C’est en Lorraine qu’apparut au début du XVIIIe siècle la turlutaine ou serinette. Vraisemblablement inspirée par une mode de la Cour du Roi Stanislas de Nancy, elle fut fabriquée principalement à Mirecourt.

Si bien décrite dans l’"Art du facteur d’orgues" de dom Bedos de Celle (1766), ce petit orgue à tuyaux d’étain, muni d’un cylindre pointé actionné par une manivelle, fut tout d’abord destiné à donner la leçon de musique aux serins de Canaris, qui étaient alors en vogue dans la noblesse et la grande bourgeoise. Dans son "Traité des serins", Hervieux de Chanteloup (1745) indique la façon très détaillée de s’en servir.
Les noms de Bennard (1708-1769), N.Gavot (+ 1774), D. Bourdot (+ 1761) sont parmi les plus célèbres des facteurs de turlutaines de Mirecourt.

En 1737 déjà, la serinette se trouvait en bonne place chez le sieur Louis-Pierre Alba "sur une table de jeu entre des fauteuils au point de Hongrie".
Puis l’usage se vulgarisa et l’on s’intéressa à d’autres oiseaux moins fragiles qui pouvaient posséder des dons musicaux, comme le bouvreuil et le merle, ce qui provoqua la facture de petits orgues à deux ou trois registres nommés Pionne , Merline ou Bouvrette et Perroquette. Cette dernière n’ayant rien à voir avec le perroquet, sinon qu’elle était plus importante que les deux précédentes !

Les genres musicaux évoluèrent aux fils des années : au XVIIIe siècle les répertoires mentionnaient surtout des marches, des préludes, des gigues, des menuets. Par la suite se seront des airs de vaudeville et enfin des airs populaires et enfantins. Les dernières produites peu avant 1914 étaient même vendues comme jouets dans les catalogues « Manufrance » !

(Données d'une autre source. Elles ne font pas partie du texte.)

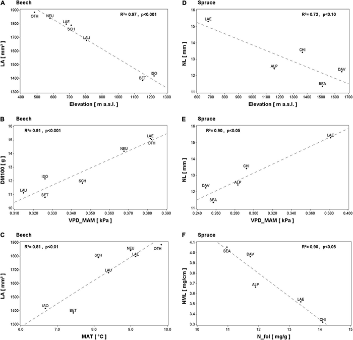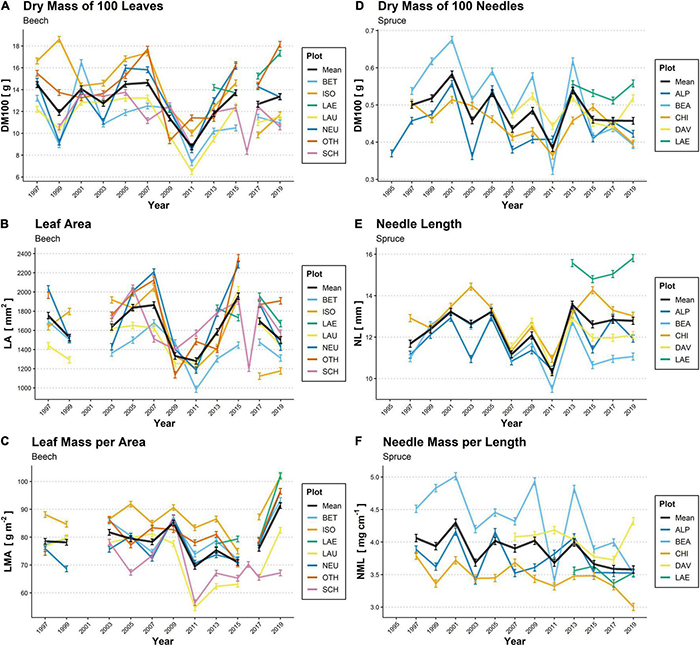 The main aims of this study were, therefore, to determine the (1) spatial and (2) temporal variation in LMTs of beech and spruce across different forest plots, and (3) to identify the potential drivers of LMT variations. We made use of archived foliar material as whole leaves and needles that was collected biennially within the Swiss Long-term Forest Ecosystem Research network (LWF, e.g., Schaub et al., 2011) from 1995 to 2019. Based on this unique foliar collection, we built a LMT chronology for investigating dry weight, LA or NL, and LMA or needle mass per length (NML) for six beech and four spruce plots and one mixed forest plot. We combined this LMT data set with plot variables (e.g., elevation and stand age) and long-term data covering climatic variables and drought indices, foliar nutrient and carbon (C) concentrations, and other tree-trait parameters (e.g., fruiting intensity and crown defoliation) to identify the main spatial and temporal drivers of LMT variations.

Fin XVIIIe et début XIXe siècle se développa alors une grande activité de facture d’orgues de salon à cylindre de toutes tailles et de tous usages. Des registres de tuyaux en bois furent alors ajoutés permettant des sonorités plus riches. Certains reçurent même des registres de trompettes en bois ou en laiton, ainsi que des percussions.

Certains orgues mécaniques furent construit pour l’usage religieux, sur la demande du clergé : orgues à cylindre (Moussey) ou à double usage cylindre et clavier manuel. Nicolas Antoine Lété (1793-1872), Didier Poirot (1806-1894) ou Clément-Dumont associés en 1832, en furent les plus célèbres facteurs.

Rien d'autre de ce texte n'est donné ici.